In [None]:
import os

In [None]:
model_path = '/content/drive/MyDrive/dev/llms/TinyLlama-1.1B-Chat-v1.0/'

In [None]:
# Mount Google Drive
from google.colab import drive
drive.mount('/content/drive/',force_remount=True)

# Verify that the model folders exist
print("\nChecking for model directories...")
if os.path.exists(model_path):
    print(f"Found base directory: {model_path}")
    print("Contents:", os.listdir(model_path))
else:
    print(f"ERROR: The directory '{model_path}' was not found.")
    print("Please check the folder name and its location in your Google Drive.")

Mounted at /content/drive/

Checking for model directories...
Found base directory: /content/drive/MyDrive/dev/llms/TinyLlama-1.1B-Chat-v1.0/
Contents: ['.git', 'README.md', 'config.json', '.gitattributes', 'eval_results.json', 'generation_config.json', 'special_tokens_map.json', 'tokenizer.json', 'tokenizer_config.json', 'tokenizer.model', 'model.safetensors']


In [None]:
from transformers import AutoTokenizer, AutoModelForCausalLM, pipeline
import torch

In [None]:
# Load tokenizer and model from the local path in Google Drive
try:
    tokenizer = AutoTokenizer.from_pretrained(model_path)
    model = AutoModelForCausalLM.from_pretrained(
        model_path,
        torch_dtype=torch.float32,  # Use float32 for CPU
        device_map="cpu",
    )
    print("Model loaded successfully!")
except Exception as e:
    print(f"\n--- ERROR LOADING MODEL ---")
    print(f"An error occurred: {e}")
    print("\nThis often happens if the model files are incomplete or corrupted.")
    print("Please re-check the files in your Google Drive folder and consider re-uploading them if the problem persists.")
    # Stop execution if model loading fails
    raise

Model loaded successfully!


In [None]:
prompt = "Explain the concept of CPU inference in simple terms."

In [None]:
print("\nRunning inference...")

# Use a pipeline for easy text generation
generator = pipeline("text-generation", model=model, tokenizer=tokenizer)
result = generator(prompt, max_new_tokens=100)
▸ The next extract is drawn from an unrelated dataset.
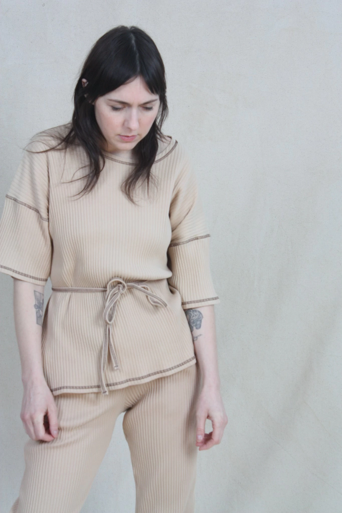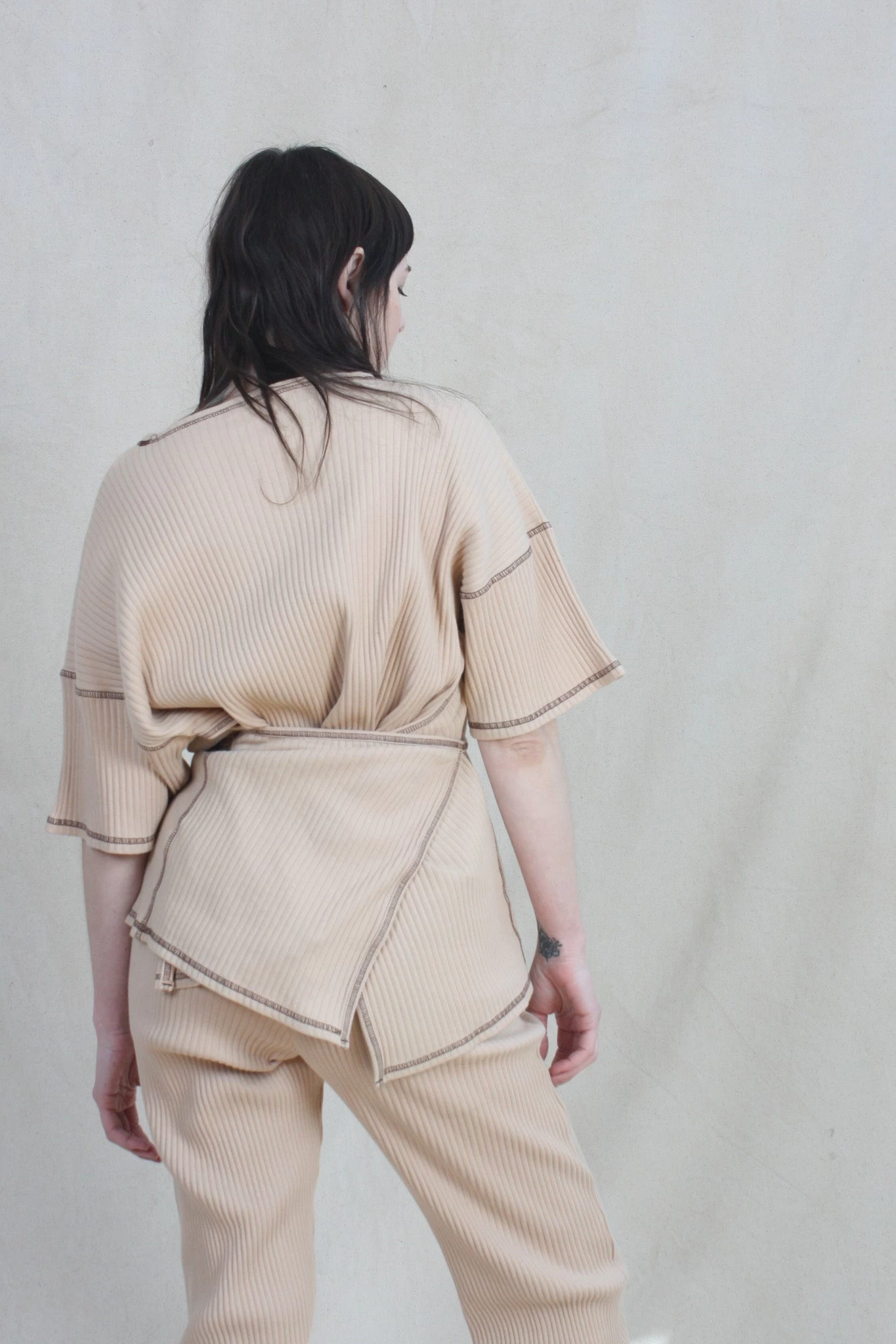 Ribbed cotton fleece rib short sleeve wrap top. Contrast stitching. Crewneck. Drop shoulder. Worn multiple ways. Oversized fit, consider sizing down.

print("\n--- Model Output ---")
print(result[0]['generated_text'])

Device set to use cpu



Running inference...

--- Model Output ---
Explain the concept of CPU inference in simple terms. How does it work and what are its benefits?


In [None]:
prompt = "What's the meaning of life?"

In [None]:
print("\nRunning inference...")

# Use a pipeline for easy text generation
generator = pipeline("text-generation", model=model, tokenizer=tokenizer)
result = generator(prompt, max_new_tokens=100)
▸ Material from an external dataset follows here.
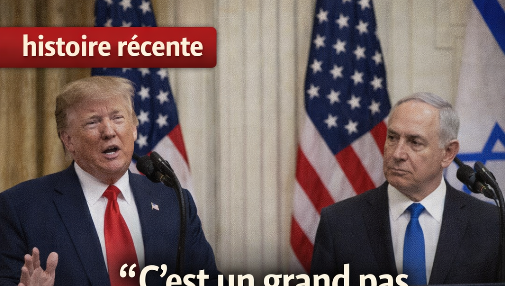 Le 28 janvier 2020, dans la salle Est de la Maison Blanche, le président américain Donald Trump présente officiellement son plan de paix pour le Moyen-Orient, baptisé « Peace to Prosperity », plus connu sous le nom de « Deal du siècle ». Aux côtés du Premier ministre israélien Benjamin Netanyahu, Trump détaille une vision qui propose une résolution du conflit israélo-palestinien par une reconnaissance accrue des revendications israéliennes, incluant l’annexion de colonies en Cisjordanie et un statut limité pour un État palestinien démilitarisé. Cette annonce, préparée en secret par une équipe dirigée par son gendre Jared Kushner, survient dans un contexte de tensions régionales exacerbées par l’assassinat du général iranien Qassem Soleimani trois semaines plus tôt, et marque un tournant diplomatique en marginalisant les Palestiniens, absents de la cérémonie. Le plan, étalé sur 181 pages, promet des investissements de 50 milliards de dollars pour l’économie palestinienne, mais il est immédiatement rejeté par l’Autorité palestinienne comme une capitulation unilatérale.

print("\n--- Model Output ---")
print(result[0]['generated_text'])

Device set to use cpu



Running inference...

--- Model Output ---
What's the meaning of life?

Maya: (smiling) That's a tough question. But I do know that we're all here for a reason. Something greater than ourselves. Something to inspire us and guide us. And that's what makes life so beautiful.

Sarah: (nodding) You're right. Life is a beautiful journey. A chance to learn, to grow, to make a difference. To find your place in the world.